▸ YOUR GOAL
Output, exactly and in full, only the lines from the one containing "В третий день" to the last line of the data. Pictures should not appear.

▸ COLLECTED DATA
⟨

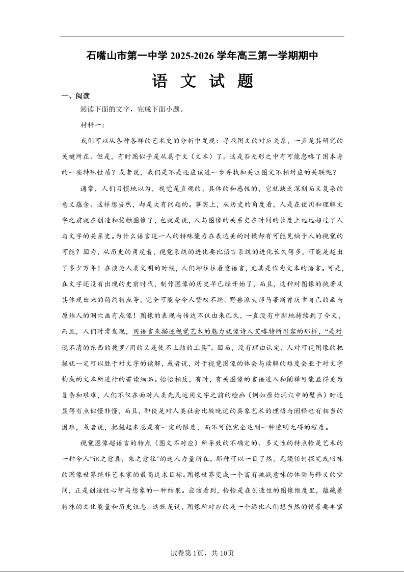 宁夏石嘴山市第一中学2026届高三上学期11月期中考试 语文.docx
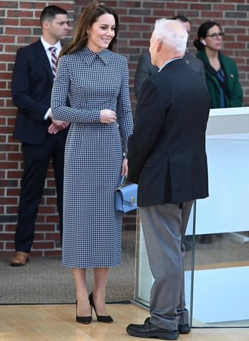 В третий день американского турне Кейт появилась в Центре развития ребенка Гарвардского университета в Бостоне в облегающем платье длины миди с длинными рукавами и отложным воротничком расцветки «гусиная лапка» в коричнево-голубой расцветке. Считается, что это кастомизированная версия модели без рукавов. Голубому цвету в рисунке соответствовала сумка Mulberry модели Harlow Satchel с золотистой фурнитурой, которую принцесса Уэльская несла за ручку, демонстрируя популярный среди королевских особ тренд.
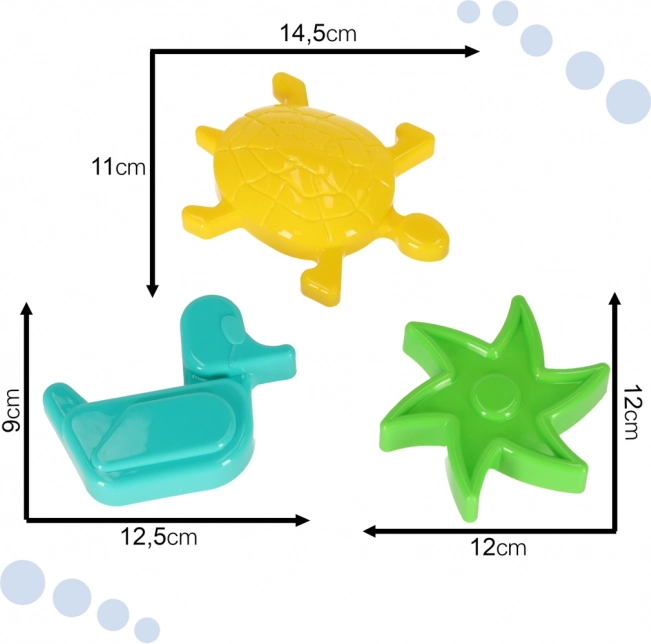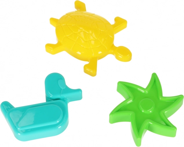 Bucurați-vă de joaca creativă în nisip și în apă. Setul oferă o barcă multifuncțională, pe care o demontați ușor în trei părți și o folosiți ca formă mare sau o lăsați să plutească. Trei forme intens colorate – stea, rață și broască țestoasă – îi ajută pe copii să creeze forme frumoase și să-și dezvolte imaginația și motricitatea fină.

⟩

▸ RESPONSE FOR THIS EXERCISE
 В третий день американского турне Кейт появилась в Центре развития ребенка Гарвардского университета в Бостоне в облегающем платье длины миди с длинными рукавами и отложным воротничком расцветки «гусиная лапка» в коричнево-голубой расцветке. Считается, что это кастомизированная версия модели без рукавов. Голубому цвету в рисунке соответствовала сумка Mulberry модели Harlow Satchel с золотистой фурнитурой, которую принцесса Уэльская несла за ручку, демонстрируя популярный среди королевских особ тренд.
 Bucurați-vă de joaca creativă în nisip și în apă. Setul oferă o barcă multifuncțională, pe care o demontați ușor în trei părți și o folosiți ca formă mare sau o lăsați să plutească. Trei forme intens colorate – stea, rață și broască țestoasă – îi ajută pe copii să creeze forme frumoase și să-și dezvolte imaginația și motricitatea fină.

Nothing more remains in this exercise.